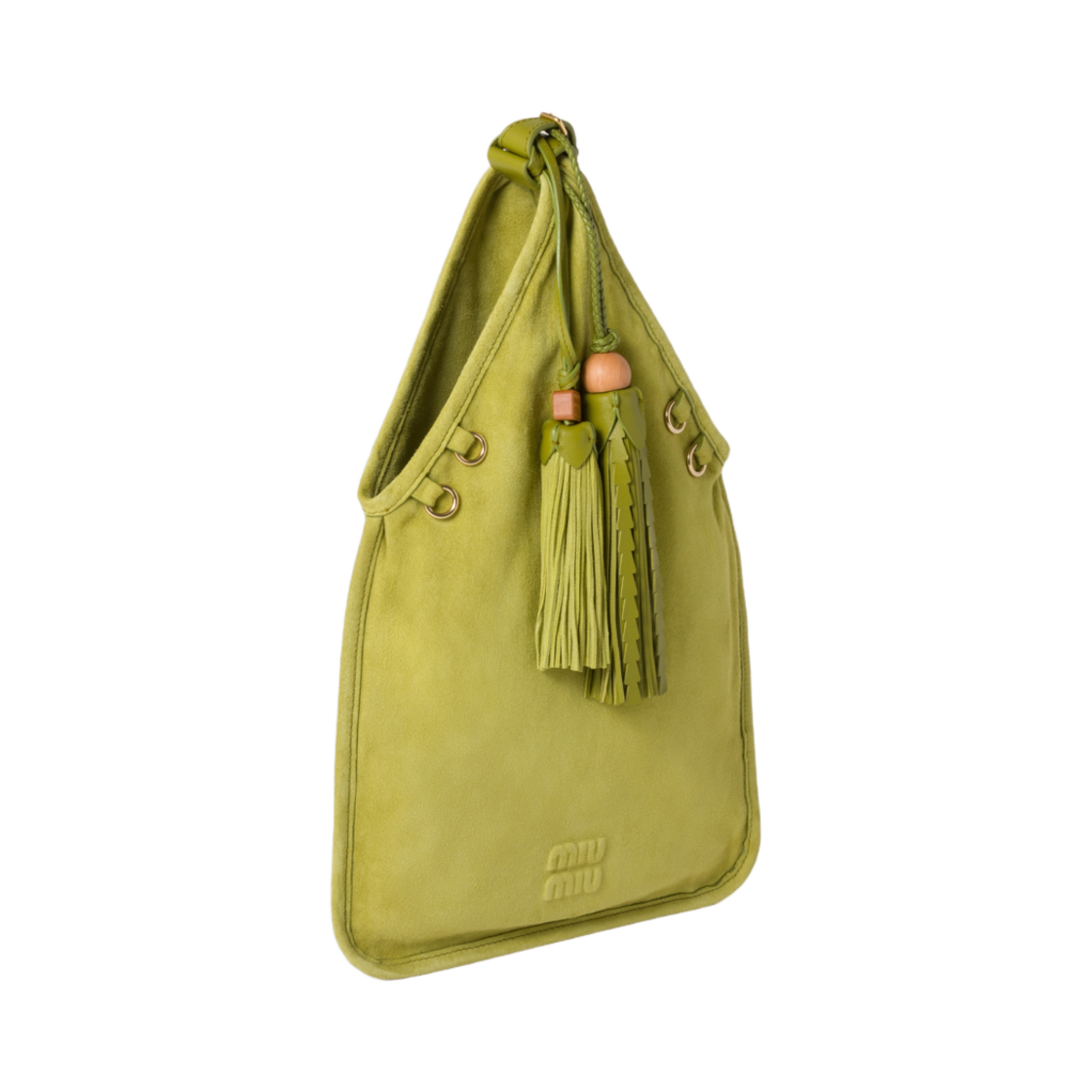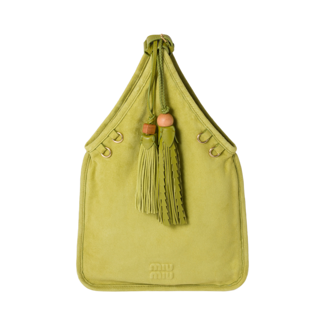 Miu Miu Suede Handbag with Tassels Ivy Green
* * *
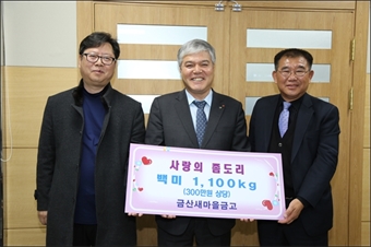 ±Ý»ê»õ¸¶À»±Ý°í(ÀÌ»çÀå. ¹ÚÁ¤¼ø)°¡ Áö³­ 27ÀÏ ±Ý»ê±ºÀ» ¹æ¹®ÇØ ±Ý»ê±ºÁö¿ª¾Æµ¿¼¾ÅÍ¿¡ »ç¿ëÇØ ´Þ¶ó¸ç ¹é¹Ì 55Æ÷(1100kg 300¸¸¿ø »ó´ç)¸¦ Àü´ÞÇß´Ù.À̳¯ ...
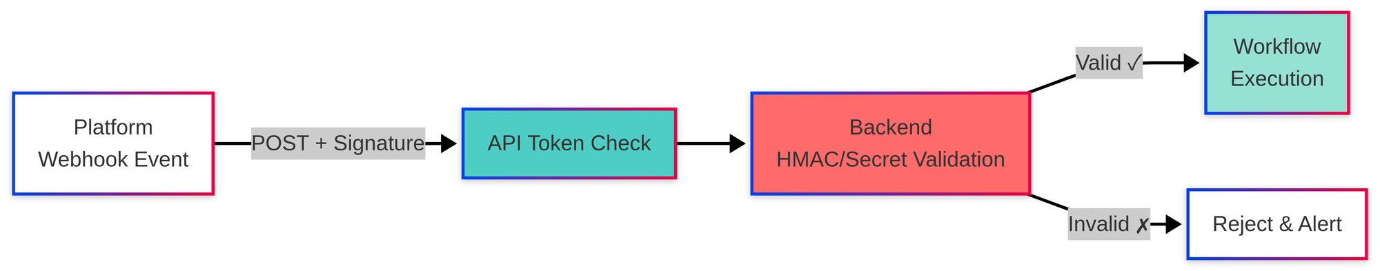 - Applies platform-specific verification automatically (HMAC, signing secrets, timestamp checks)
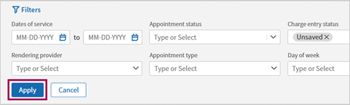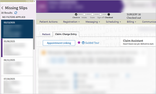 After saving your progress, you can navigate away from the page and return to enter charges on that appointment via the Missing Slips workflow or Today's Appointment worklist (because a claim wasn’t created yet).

What needs to be done:
Give back exactly the lines above from the one with "¹ÚÁ¤¼ø)°¡ Áö³­ 27ÀÏ" through the one with "After saving your", both included. Pictures don't belong in the copy.

Answer:
 ±Ý»ê»õ¸¶À»±Ý°í(ÀÌ»çÀå. ¹ÚÁ¤¼ø)°¡ Áö³­ 27ÀÏ ±Ý»ê±ºÀ» ¹æ¹®ÇØ ±Ý»ê±ºÁö¿ª¾Æµ¿¼¾ÅÍ¿¡ »ç¿ëÇØ ´Þ¶ó¸ç ¹é¹Ì 55Æ÷(1100kg 300¸¸¿ø »ó´ç)¸¦ Àü´ÞÇß´Ù.À̳¯ ...
 - Applies platform-specific verification automatically (HMAC, signing secrets, timestamp checks)
 After saving your progress, you can navigate away from the page and return to enter charges on that appointment via the Missing Slips workflow or Today's Appointment worklist (because a claim wasn’t created yet).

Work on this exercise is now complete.